The other two, Lucy in her studied flightiness and Ali in her stolid determination, were on a mission to save Jo from malign adult forces.
One day in early May 2010, with the start of their GCSE exams only two weeks away, Ali summoned the other two to join her in a cafe on the way home from school.
‘My mother’s got this idea,’ she said, and Lucy groaned.
‘The answer’s no,’ she said. ‘Now what’s the idea? Somehow I already know it’s not going to be fun.’
‘No, it will be. Listen.’
‘Does it involve digging?’
‘That’s not the point.
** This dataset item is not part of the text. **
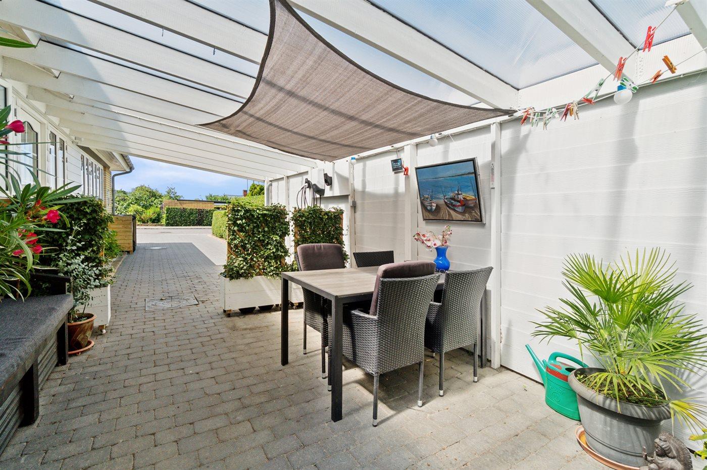 Den store velplejede grund indbyder til afslapning og på træterrassen eller den overdækkede terrasse kan man nyde frokosten eller en god kop kaffe i det fri. Den store stue er præget af det lyse interiør og den behagelige møblering. Køkkenet byder på alle de nødvendige faciliteter, man har brug for når feriemåltiderne skal tilberedes og fremstår velfungerende. Der findes et moderne badeværelse samt et gæstetoilet.

It—’
‘It’s digging. Count me out.’ Lucy got to her feet and reached for her bag.
‘Give her a chance,’ said Jo. She was dull that day.
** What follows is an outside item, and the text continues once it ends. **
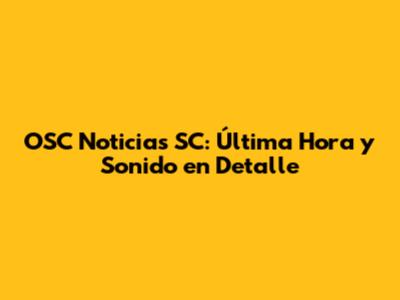 OSC Noticias SC: Última Hora Y Sonido En Detalle

‘Why? I know all I need to know.’
‘There are boys,’ Ali said quietly, and Lucy sat down.
Lucy was currently playing the role of tragically spurned lover. She had spent the past three months entwined around sharp-tongued Matt, tall, slim and nearly twenty – Matt, with his own
band which played evening gigs in some of the town’s bars and cafes. Matt’s drummer, Whizz, liked Jo in a hopeless and unrequited fashion but Ali knew none of them were interested in
her.
The group had been broken up by Matt’s sudden switch of affection to a nineteen-year-old music student.
‘It’s such a
tragedy
,’ Lucy had said. ‘Horrible Harriet’s
stolen
him and it’s not just
my
pain, it’s yours too.’
‘Don’t worry about me,’ Ali said immediately.
‘I didn’t really mean you, I meant poor Jo.’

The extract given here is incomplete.